RECORDS FOR THE TASK:
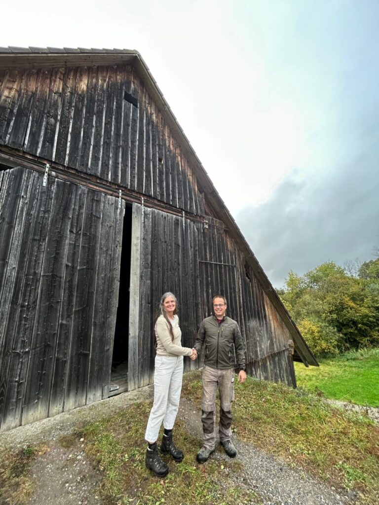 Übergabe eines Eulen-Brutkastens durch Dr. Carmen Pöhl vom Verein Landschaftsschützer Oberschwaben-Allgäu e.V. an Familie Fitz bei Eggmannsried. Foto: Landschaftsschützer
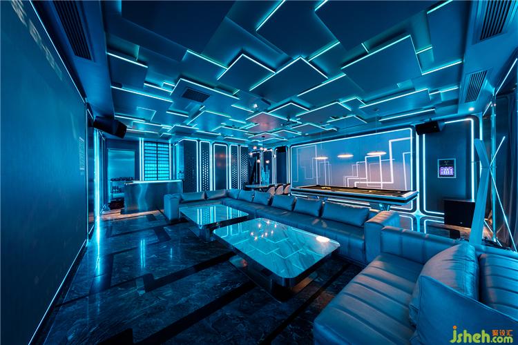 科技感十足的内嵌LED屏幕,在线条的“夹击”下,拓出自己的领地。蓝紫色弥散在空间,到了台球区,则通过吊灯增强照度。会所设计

...

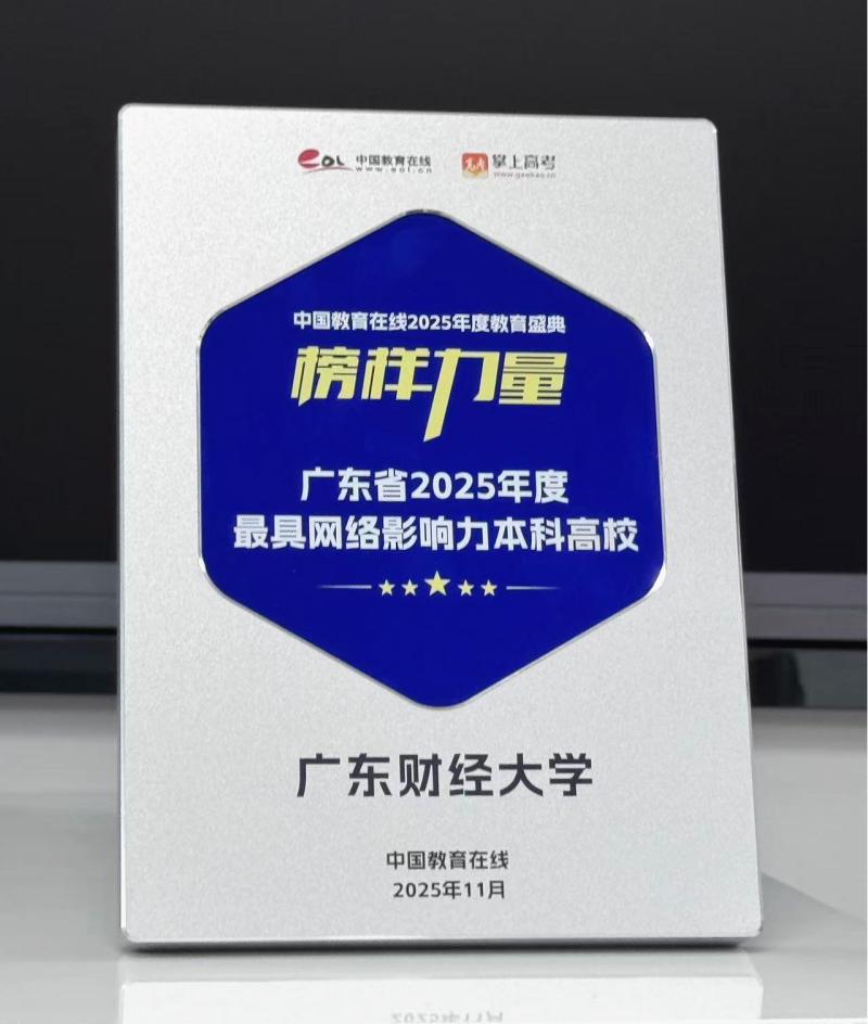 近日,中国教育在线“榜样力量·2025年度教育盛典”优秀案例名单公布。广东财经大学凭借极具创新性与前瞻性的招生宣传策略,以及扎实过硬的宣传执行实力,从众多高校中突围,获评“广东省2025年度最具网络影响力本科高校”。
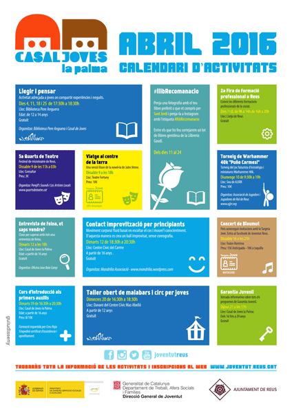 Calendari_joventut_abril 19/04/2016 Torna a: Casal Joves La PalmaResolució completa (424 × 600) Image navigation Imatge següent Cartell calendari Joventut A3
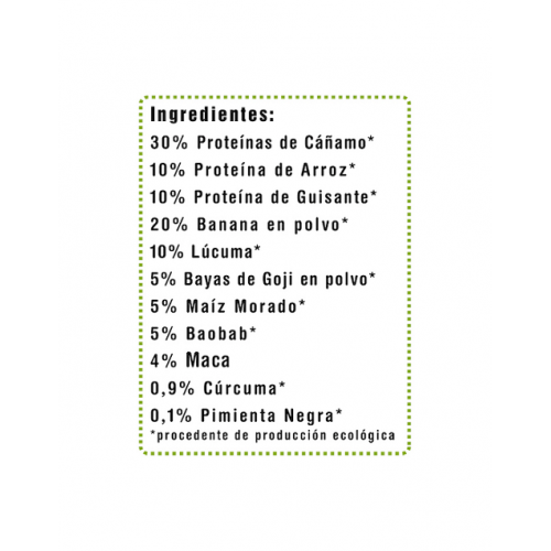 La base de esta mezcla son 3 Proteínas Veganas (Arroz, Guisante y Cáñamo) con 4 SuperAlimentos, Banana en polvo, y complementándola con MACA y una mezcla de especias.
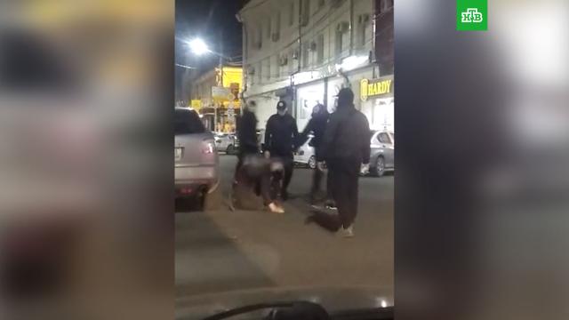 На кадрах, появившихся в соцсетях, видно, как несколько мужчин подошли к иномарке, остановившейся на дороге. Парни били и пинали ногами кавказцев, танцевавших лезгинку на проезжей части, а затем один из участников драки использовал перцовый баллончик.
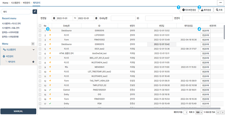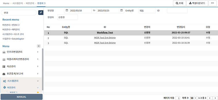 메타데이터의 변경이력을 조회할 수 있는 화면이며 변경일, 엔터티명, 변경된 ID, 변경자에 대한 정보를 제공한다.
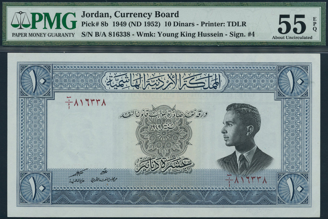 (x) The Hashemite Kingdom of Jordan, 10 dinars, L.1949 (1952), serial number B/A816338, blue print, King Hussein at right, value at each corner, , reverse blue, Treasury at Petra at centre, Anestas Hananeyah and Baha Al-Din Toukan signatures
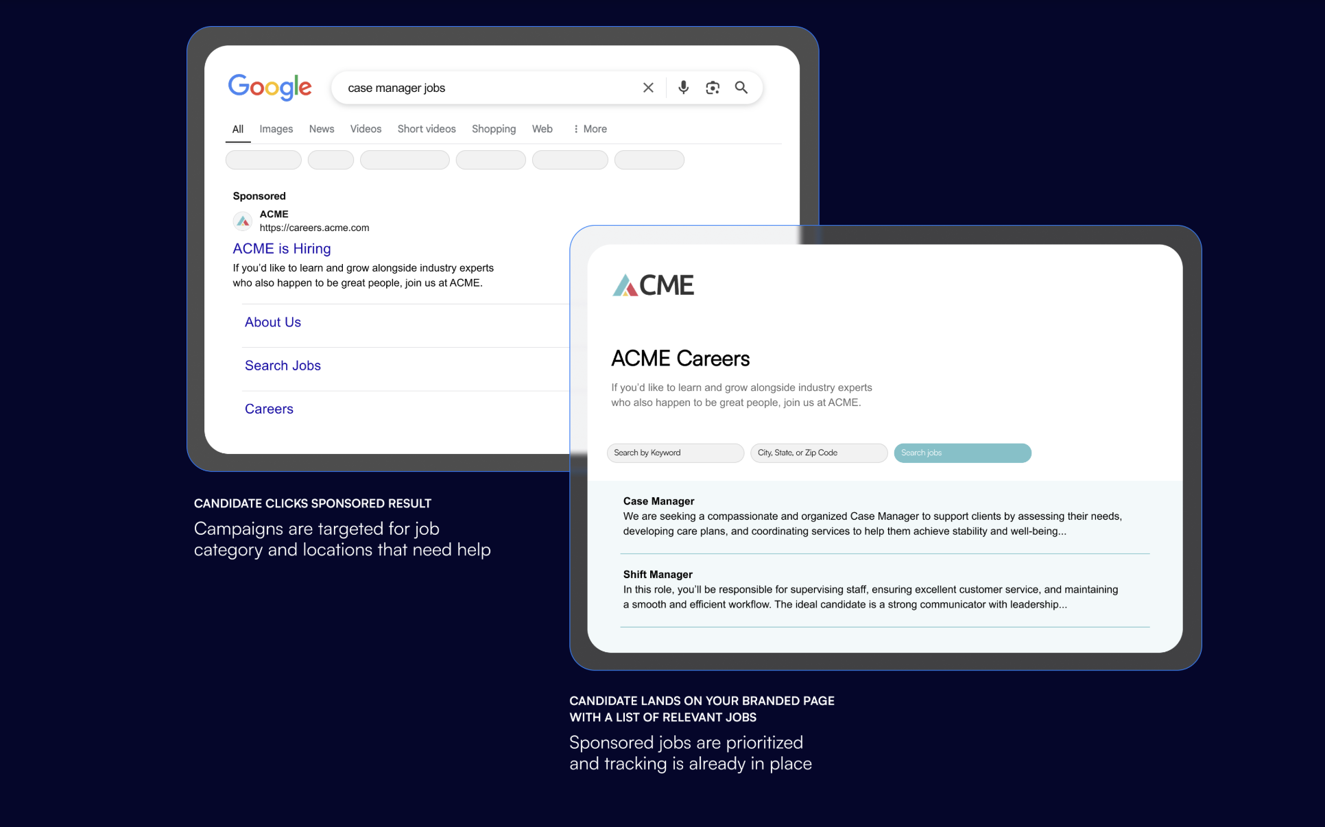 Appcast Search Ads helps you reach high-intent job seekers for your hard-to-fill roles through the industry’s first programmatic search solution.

* * *

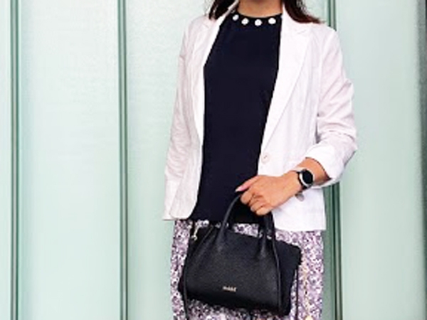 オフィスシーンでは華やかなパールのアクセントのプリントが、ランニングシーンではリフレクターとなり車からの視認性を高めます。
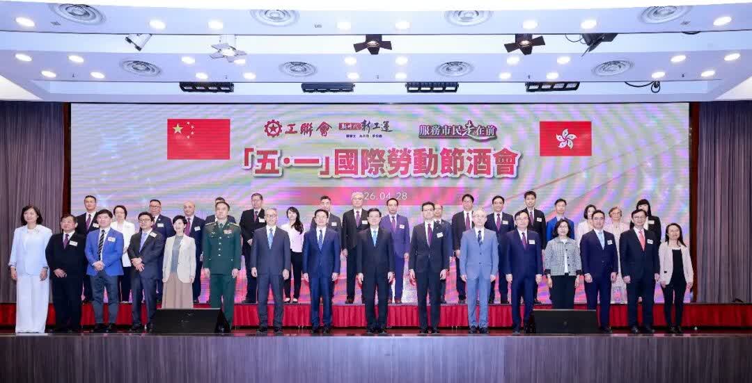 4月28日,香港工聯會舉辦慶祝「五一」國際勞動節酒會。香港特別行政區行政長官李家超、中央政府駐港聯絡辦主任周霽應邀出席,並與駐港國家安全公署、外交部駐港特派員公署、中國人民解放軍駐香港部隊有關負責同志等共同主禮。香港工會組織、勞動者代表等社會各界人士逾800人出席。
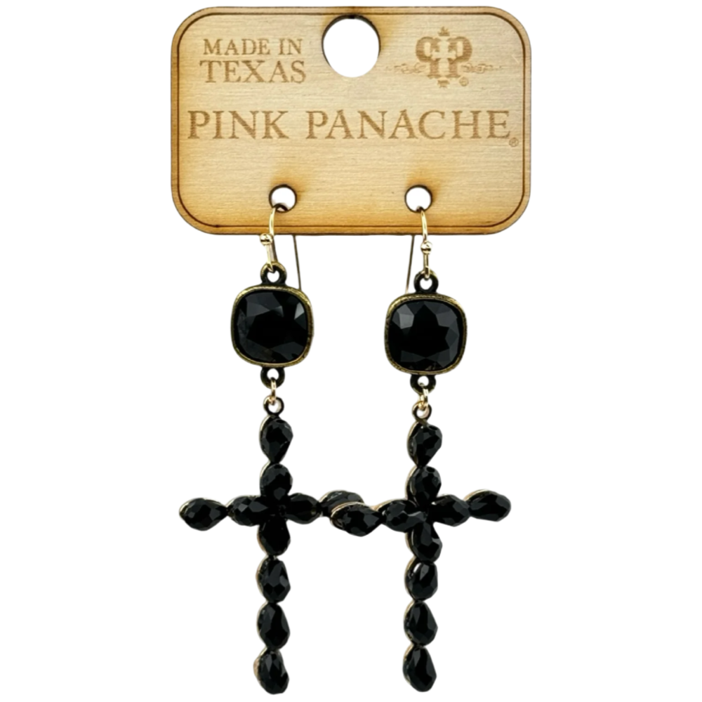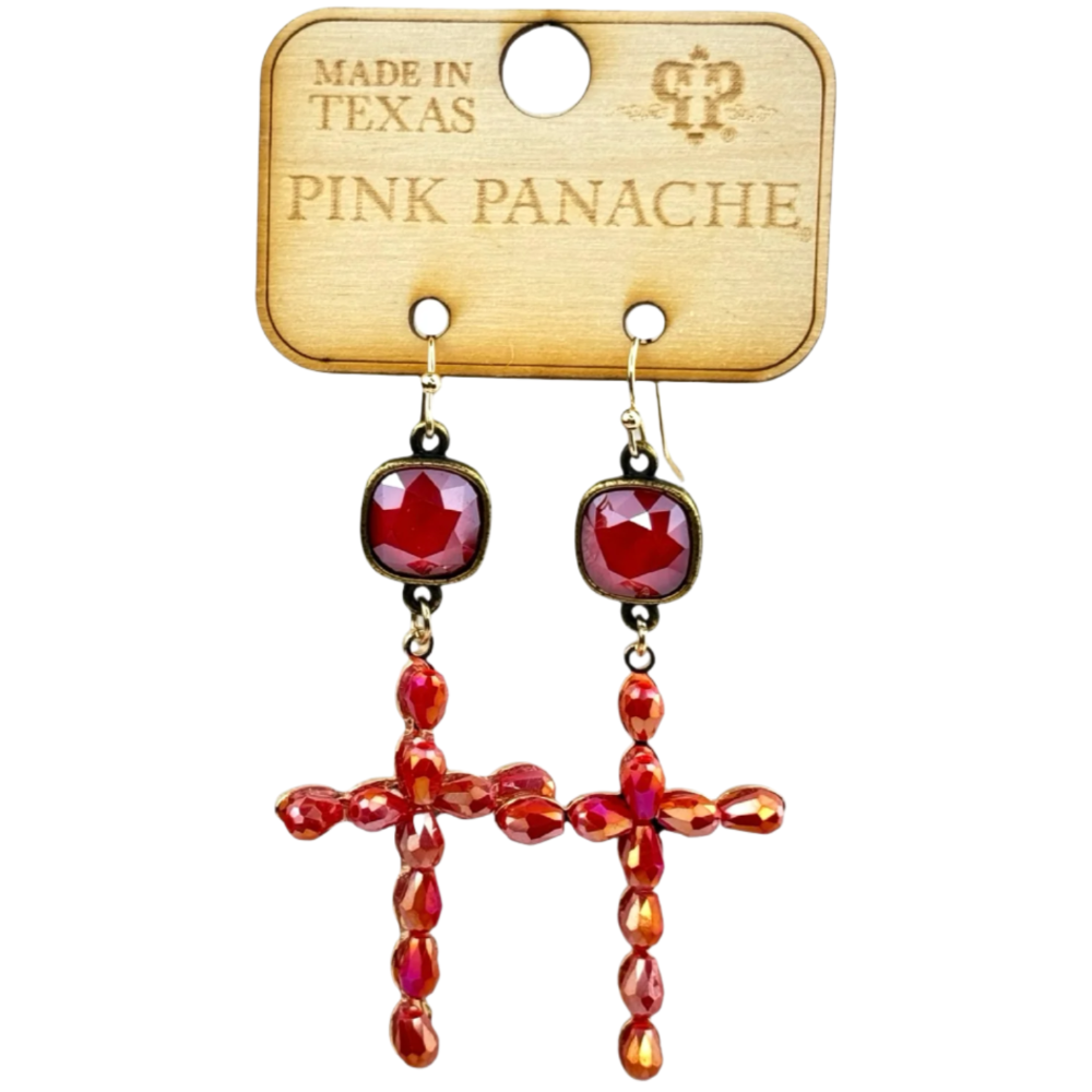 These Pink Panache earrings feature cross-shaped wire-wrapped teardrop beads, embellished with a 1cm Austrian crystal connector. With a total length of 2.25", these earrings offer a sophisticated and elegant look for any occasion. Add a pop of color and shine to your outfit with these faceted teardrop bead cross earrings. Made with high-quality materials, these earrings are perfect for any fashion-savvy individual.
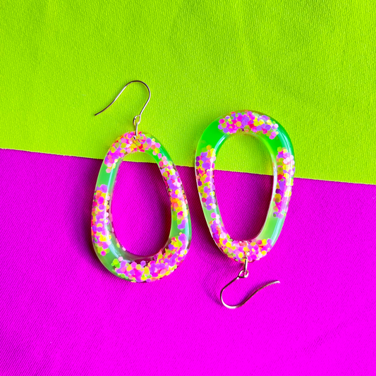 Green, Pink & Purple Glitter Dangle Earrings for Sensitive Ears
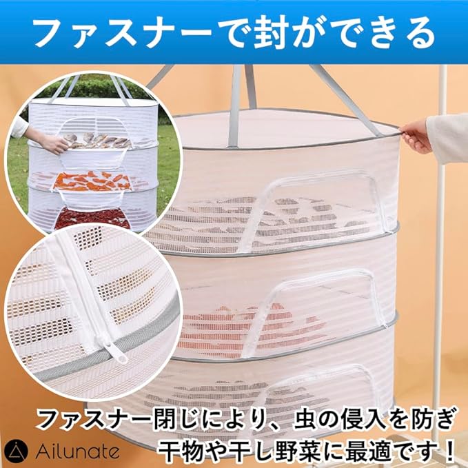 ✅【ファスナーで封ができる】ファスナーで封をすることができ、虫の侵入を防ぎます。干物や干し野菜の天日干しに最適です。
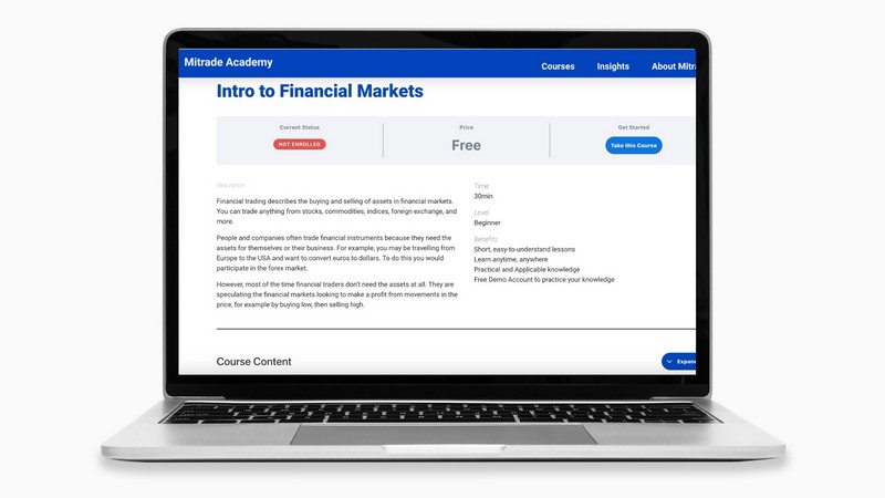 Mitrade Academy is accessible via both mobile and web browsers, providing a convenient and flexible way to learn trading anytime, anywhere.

WORK TASK: In the listing above, find the line with "Calendari_joventut_abril 19/04/2016 Torna" and the line with "메타데이터의 변경이력을 조회할". Transcribe those two and everything between, exactly, leaving out pictures.

YOUR RESPONSE:
 Calendari_joventut_abril 19/04/2016 Torna a: Casal Joves La PalmaResolució completa (424 × 600) Image navigation Imatge següent Cartell calendari Joventut A3
 La base de esta mezcla son 3 Proteínas Veganas (Arroz, Guisante y Cáñamo) con 4 SuperAlimentos, Banana en polvo, y complementándola con MACA y una mezcla de especias.
 На кадрах, появившихся в соцсетях, видно, как несколько мужчин подошли к иномарке, остановившейся на дороге. Парни били и пинали ногами кавказцев, танцевавших лезгинку на проезжей части, а затем один из участников драки использовал перцовый баллончик.
 메타데이터의 변경이력을 조회할 수 있는 화면이며 변경일, 엔터티명, 변경된 ID, 변경자에 대한 정보를 제공한다.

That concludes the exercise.